THE RECORDS:
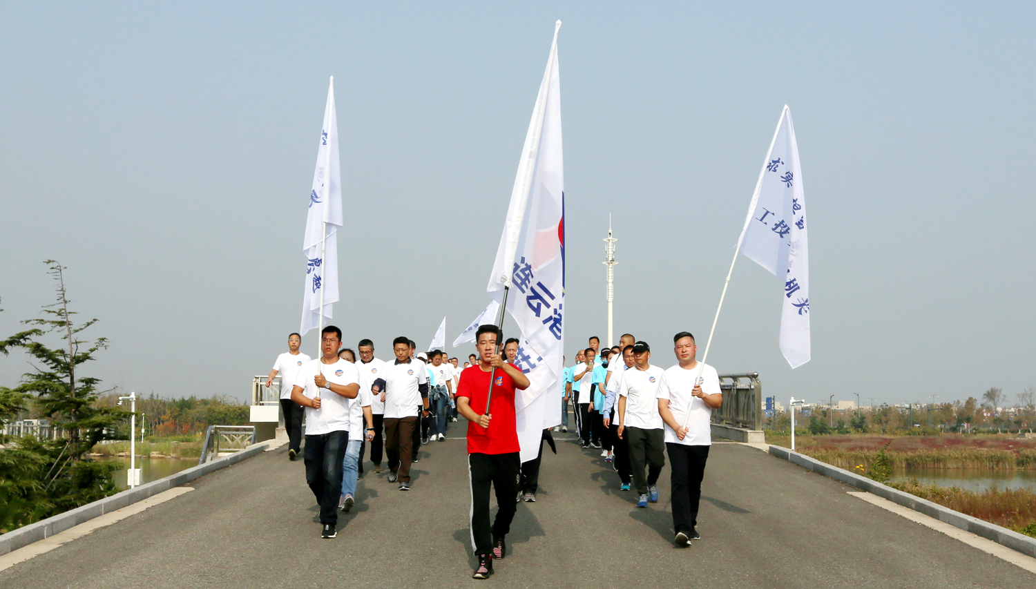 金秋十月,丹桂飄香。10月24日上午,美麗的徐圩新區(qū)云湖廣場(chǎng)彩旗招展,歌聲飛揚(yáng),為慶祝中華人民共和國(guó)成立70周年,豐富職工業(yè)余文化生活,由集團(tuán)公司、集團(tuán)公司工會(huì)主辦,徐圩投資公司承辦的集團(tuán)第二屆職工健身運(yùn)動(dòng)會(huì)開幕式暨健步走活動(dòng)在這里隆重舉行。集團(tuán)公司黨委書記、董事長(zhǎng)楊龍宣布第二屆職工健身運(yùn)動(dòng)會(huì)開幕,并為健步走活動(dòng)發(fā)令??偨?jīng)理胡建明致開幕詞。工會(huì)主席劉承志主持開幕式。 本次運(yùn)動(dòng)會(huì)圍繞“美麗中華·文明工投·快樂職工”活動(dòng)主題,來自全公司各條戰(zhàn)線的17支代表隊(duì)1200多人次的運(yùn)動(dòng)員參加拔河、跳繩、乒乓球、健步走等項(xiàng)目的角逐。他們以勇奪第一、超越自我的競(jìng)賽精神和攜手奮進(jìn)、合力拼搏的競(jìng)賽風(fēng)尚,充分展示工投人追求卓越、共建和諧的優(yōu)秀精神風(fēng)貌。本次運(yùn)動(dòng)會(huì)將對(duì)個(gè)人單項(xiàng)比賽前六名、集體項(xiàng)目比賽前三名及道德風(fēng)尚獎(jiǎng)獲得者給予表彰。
...
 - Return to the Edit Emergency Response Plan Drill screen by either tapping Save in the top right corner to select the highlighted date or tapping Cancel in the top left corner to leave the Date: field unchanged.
...
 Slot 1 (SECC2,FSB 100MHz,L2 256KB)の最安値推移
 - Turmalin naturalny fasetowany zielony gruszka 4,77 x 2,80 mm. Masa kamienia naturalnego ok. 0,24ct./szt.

WHAT YOU WILL DO: Using the material above, transcribe exactly the lines from the line with "Slot 1 (SECC2,FSB 100MHz,L2 256KB)の最安値推移" to the line with "- Turmalin naturalny"; both count, and nothing else goes in.

SOLUTION FOR THIS EXERCISE:
 Slot 1 (SECC2,FSB 100MHz,L2 256KB)の最安値推移
 - Turmalin naturalny fasetowany zielony gruszka 4,77 x 2,80 mm. Masa kamienia naturalnego ok. 0,24ct./szt.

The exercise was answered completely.